▸ The problem
Write out exactly the lines below starting at the one containing "После поздравлений юбиляров" and ending at the one containing "日記を書いた後で、フラフラと". Omit every picture.

▸ Data to examine
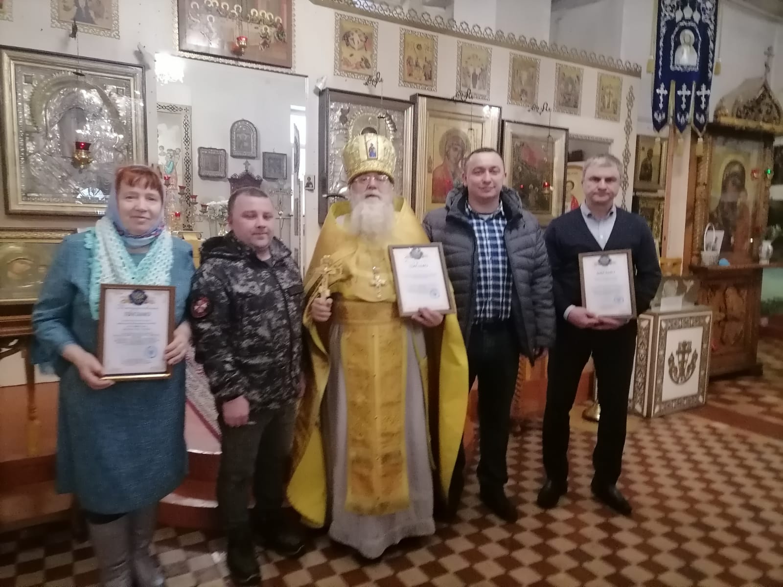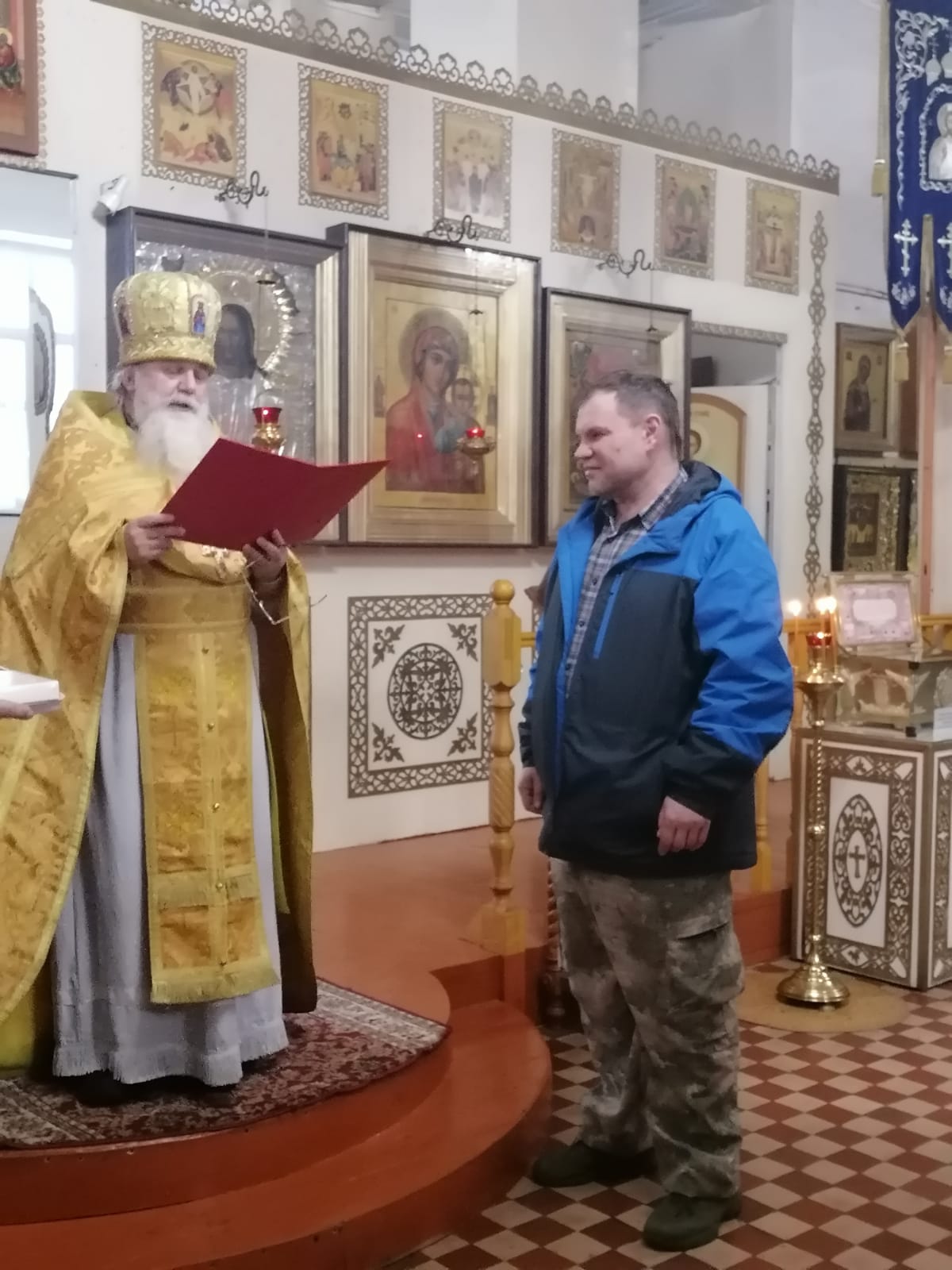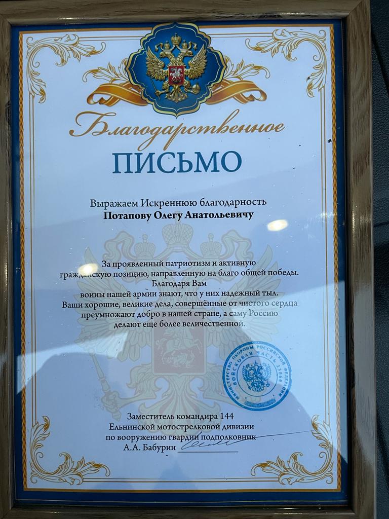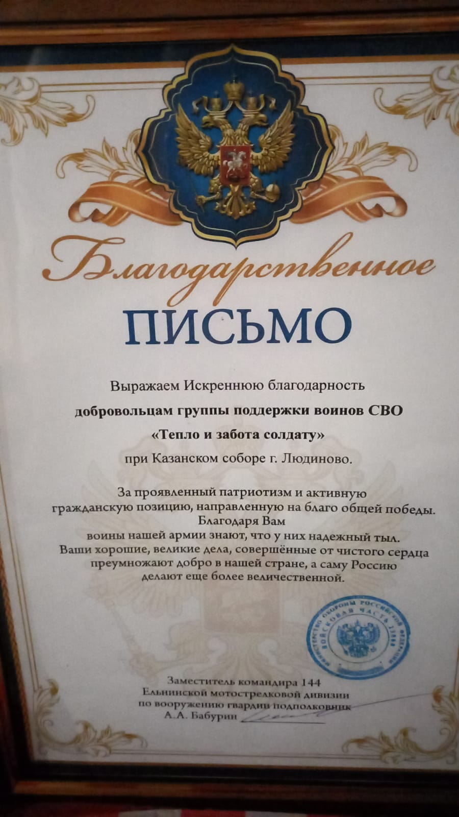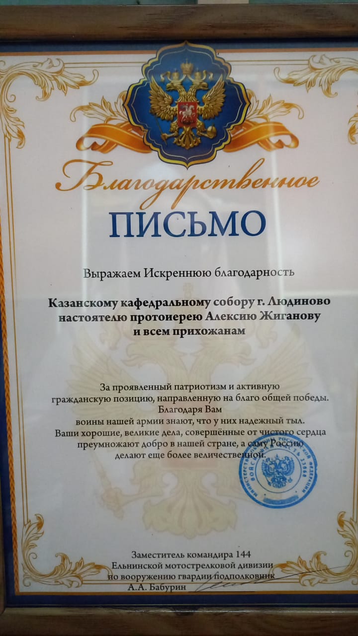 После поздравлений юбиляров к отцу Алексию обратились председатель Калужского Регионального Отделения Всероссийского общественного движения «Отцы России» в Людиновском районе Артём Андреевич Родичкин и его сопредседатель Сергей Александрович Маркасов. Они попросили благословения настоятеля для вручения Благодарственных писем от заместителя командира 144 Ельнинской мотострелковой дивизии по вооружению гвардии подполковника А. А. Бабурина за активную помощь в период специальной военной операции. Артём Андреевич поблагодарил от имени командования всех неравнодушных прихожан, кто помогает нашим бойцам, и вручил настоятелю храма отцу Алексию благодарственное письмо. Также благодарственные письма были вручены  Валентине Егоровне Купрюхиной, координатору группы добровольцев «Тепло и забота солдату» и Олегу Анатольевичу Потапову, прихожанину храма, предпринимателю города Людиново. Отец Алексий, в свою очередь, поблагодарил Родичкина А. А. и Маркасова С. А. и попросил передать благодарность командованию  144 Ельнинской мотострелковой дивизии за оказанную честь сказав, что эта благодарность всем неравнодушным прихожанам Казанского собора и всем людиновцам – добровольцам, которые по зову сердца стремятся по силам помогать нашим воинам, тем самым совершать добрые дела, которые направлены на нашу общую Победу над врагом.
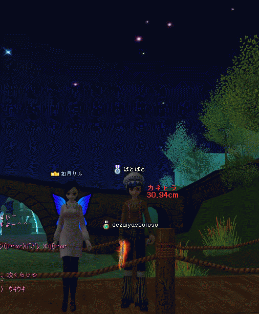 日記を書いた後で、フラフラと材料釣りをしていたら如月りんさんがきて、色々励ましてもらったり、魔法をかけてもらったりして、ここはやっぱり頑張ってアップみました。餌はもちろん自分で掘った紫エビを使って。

...

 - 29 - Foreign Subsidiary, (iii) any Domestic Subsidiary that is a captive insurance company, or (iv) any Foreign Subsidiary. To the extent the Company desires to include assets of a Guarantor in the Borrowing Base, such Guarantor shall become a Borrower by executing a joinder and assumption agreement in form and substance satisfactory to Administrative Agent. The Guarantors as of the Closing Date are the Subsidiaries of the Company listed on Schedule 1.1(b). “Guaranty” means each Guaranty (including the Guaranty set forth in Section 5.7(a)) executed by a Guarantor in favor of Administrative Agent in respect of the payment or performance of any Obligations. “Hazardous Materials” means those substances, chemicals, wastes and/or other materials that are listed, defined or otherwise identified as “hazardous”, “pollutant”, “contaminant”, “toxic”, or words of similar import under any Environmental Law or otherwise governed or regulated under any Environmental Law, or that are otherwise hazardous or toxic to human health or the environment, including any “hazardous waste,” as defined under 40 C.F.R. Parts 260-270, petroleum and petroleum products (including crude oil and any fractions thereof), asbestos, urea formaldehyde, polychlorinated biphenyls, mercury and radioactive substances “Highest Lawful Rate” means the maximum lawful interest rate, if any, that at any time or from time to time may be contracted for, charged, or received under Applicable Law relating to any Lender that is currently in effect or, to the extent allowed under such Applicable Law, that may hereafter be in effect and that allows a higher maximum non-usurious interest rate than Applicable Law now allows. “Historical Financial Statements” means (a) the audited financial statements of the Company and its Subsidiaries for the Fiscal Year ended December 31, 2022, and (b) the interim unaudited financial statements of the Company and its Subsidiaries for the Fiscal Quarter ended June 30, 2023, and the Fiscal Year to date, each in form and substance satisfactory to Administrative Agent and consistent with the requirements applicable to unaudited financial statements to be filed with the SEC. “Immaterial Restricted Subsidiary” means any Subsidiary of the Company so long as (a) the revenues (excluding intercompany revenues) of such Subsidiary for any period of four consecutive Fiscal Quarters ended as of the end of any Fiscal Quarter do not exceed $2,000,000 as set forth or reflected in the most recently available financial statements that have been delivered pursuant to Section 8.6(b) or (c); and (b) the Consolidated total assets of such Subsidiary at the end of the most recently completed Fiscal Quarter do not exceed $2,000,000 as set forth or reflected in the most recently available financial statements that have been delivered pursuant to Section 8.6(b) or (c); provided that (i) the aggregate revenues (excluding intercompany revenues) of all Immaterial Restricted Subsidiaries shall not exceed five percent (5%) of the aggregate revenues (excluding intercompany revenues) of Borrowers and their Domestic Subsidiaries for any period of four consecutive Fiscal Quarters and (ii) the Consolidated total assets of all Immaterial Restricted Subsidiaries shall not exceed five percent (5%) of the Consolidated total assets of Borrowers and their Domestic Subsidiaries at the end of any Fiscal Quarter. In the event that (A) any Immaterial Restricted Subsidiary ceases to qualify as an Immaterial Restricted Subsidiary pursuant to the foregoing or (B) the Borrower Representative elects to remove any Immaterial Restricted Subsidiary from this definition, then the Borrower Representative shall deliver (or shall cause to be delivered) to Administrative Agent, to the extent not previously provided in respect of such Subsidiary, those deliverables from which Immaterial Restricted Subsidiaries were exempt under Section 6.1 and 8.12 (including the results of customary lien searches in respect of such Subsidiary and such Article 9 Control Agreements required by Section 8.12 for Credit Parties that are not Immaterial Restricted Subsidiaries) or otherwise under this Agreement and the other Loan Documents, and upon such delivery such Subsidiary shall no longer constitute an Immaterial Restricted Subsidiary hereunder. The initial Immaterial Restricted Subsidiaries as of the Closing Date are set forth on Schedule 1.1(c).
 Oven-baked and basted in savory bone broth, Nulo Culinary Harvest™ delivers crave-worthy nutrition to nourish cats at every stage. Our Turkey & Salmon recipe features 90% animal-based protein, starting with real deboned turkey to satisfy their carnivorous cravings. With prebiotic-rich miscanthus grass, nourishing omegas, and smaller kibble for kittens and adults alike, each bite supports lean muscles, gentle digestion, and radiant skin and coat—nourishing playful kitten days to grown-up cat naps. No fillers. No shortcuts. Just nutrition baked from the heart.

▸ Answer section
 После поздравлений юбиляров к отцу Алексию обратились председатель Калужского Регионального Отделения Всероссийского общественного движения «Отцы России» в Людиновском районе Артём Андреевич Родичкин и его сопредседатель Сергей Александрович Маркасов. Они попросили благословения настоятеля для вручения Благодарственных писем от заместителя командира 144 Ельнинской мотострелковой дивизии по вооружению гвардии подполковника А. А. Бабурина за активную помощь в период специальной военной операции. Артём Андреевич поблагодарил от имени командования всех неравнодушных прихожан, кто помогает нашим бойцам, и вручил настоятелю храма отцу Алексию благодарственное письмо. Также благодарственные письма были вручены  Валентине Егоровне Купрюхиной, координатору группы добровольцев «Тепло и забота солдату» и Олегу Анатольевичу Потапову, прихожанину храма, предпринимателю города Людиново. Отец Алексий, в свою очередь, поблагодарил Родичкина А. А. и Маркасова С. А. и попросил передать благодарность командованию  144 Ельнинской мотострелковой дивизии за оказанную честь сказав, что эта благодарность всем неравнодушным прихожанам Казанского собора и всем людиновцам – добровольцам, которые по зову сердца стремятся по силам помогать нашим воинам, тем самым совершать добрые дела, которые направлены на нашу общую Победу над врагом.
 日記を書いた後で、フラフラと材料釣りをしていたら如月りんさんがきて、色々励ましてもらったり、魔法をかけてもらったりして、ここはやっぱり頑張ってアップみました。餌はもちろん自分で掘った紫エビを使って。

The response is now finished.